Des dizaines de villages repris
A 15 km au sud-est de Mossoul, les forces progouvernementales sont entrées mardi dans plusieurs quartiers de la ville chrétienne de Qaraqosh, suscitant des manifestations de joie parmi les chrétiens de la région réfugiés à Erbil, capitale de la région autonome du Kurdistan irakien.
Des officiers du contre-terrorisme irakien ont affirmé que leurs forces étaient en passe de chasser les extrémistes de cette ville.
«Il y a des poches [de résistance], des combats, les terroristes envoient des voitures piégées, mais cela ne les aidera pas» a déclaré le lieutenant Riyadh Tawfiq, commandant des forces terrestres irakiennes.
Les forces impliquées dans l’offensive sur Mossoul avancent sur deux axes, depuis Qayyarah, au sud, et depuis Khazir, à l’est, et des commandants irakiens ont assuré que des dizaines de villages avaient été repris.

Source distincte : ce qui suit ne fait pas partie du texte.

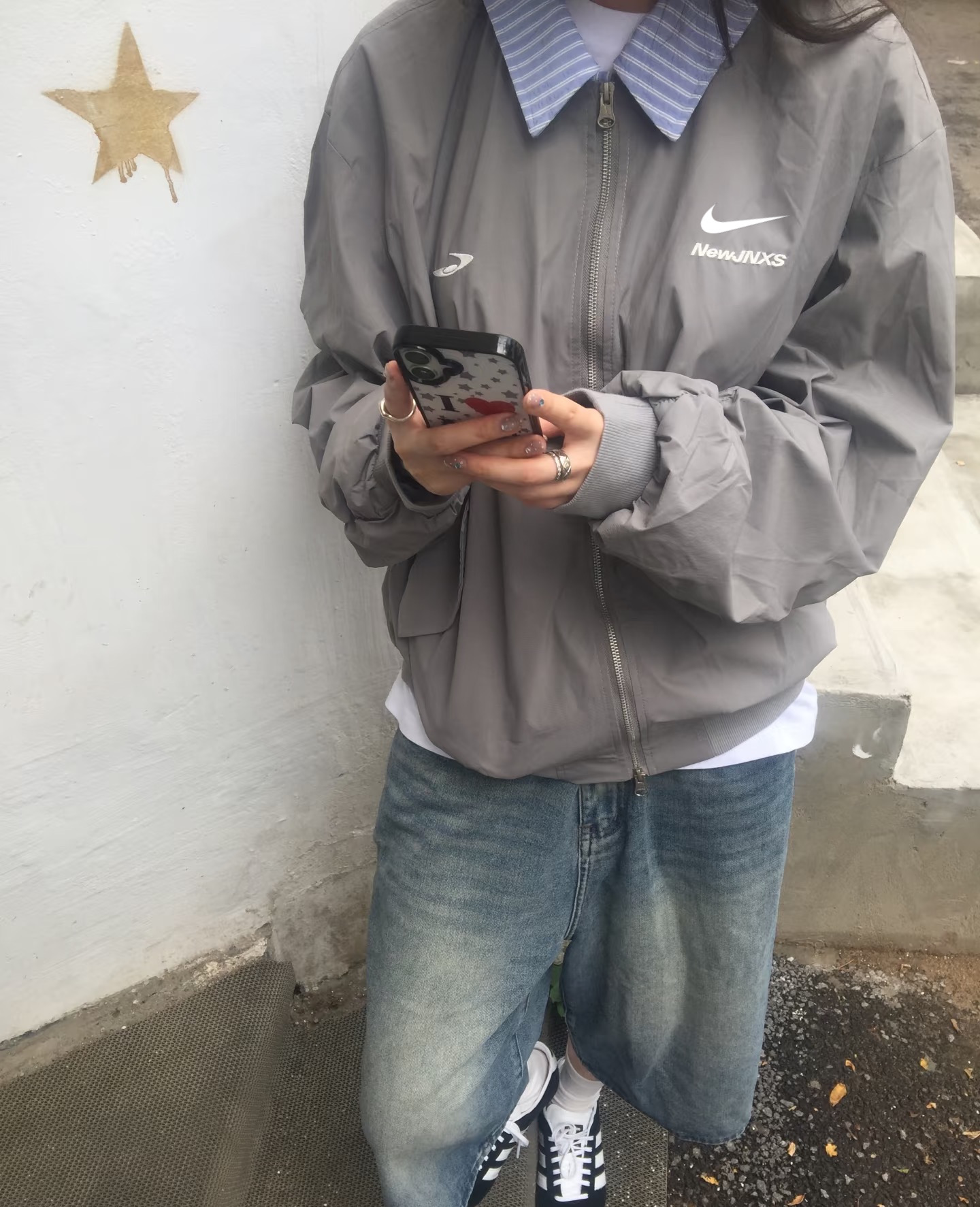 耐克Nike美式复古格纹翻领拼接外套男秋季假两件情侣款男女同 335750

Mercredi, les forces irakiennes atteignaient le village de Bajwaniyah, à 30 km au sud de Mossoul.
«Boucliers humains»
Le sort des habitants de Mossoul et des localités proches inquiète l’ONU.
De plus, les Etats-Unis ont déclaré que les extrémistes de «Daech» retenaient les civils «contre leur gré» et s’en servaient comme «boucliers humains».
Pour l’heure, «les activités militaires se concentrent dans des zones à faible densité de population et nous n’avons pas enregistré de déplacements massifs de civils», a déclaré mercredi le secrétaire général adjoint des Nations unies pour les affaires humanitaires, Stephen O’Brien.
«Beaucoup de familles commencent à manquer de certains produits alimentaires de base, il n’y a plus de commerce à Mossoul, la ville est coupée du monde», a affirmé à l’AFP un résident de 47 ans joint par téléphone.
Jusqu’à présent, seulement quelques dizaines de familles ont pu fuir Mossoul depuis le début de l’opération militaire. Mais des groupes plus importants ont fui des zones autour de la métropole et trouvé refuge dans des secteurs plus sûrs, y compris en Syrie voisine, pourtant en guerre.
Selon l’ONG Save the Children, 5 000 civils irakiens sont arrivés ces dix derniers jours dans un camp de réfugiés en Syrie, à Al-Hol, à quelques kilomètres de la frontière irakienne.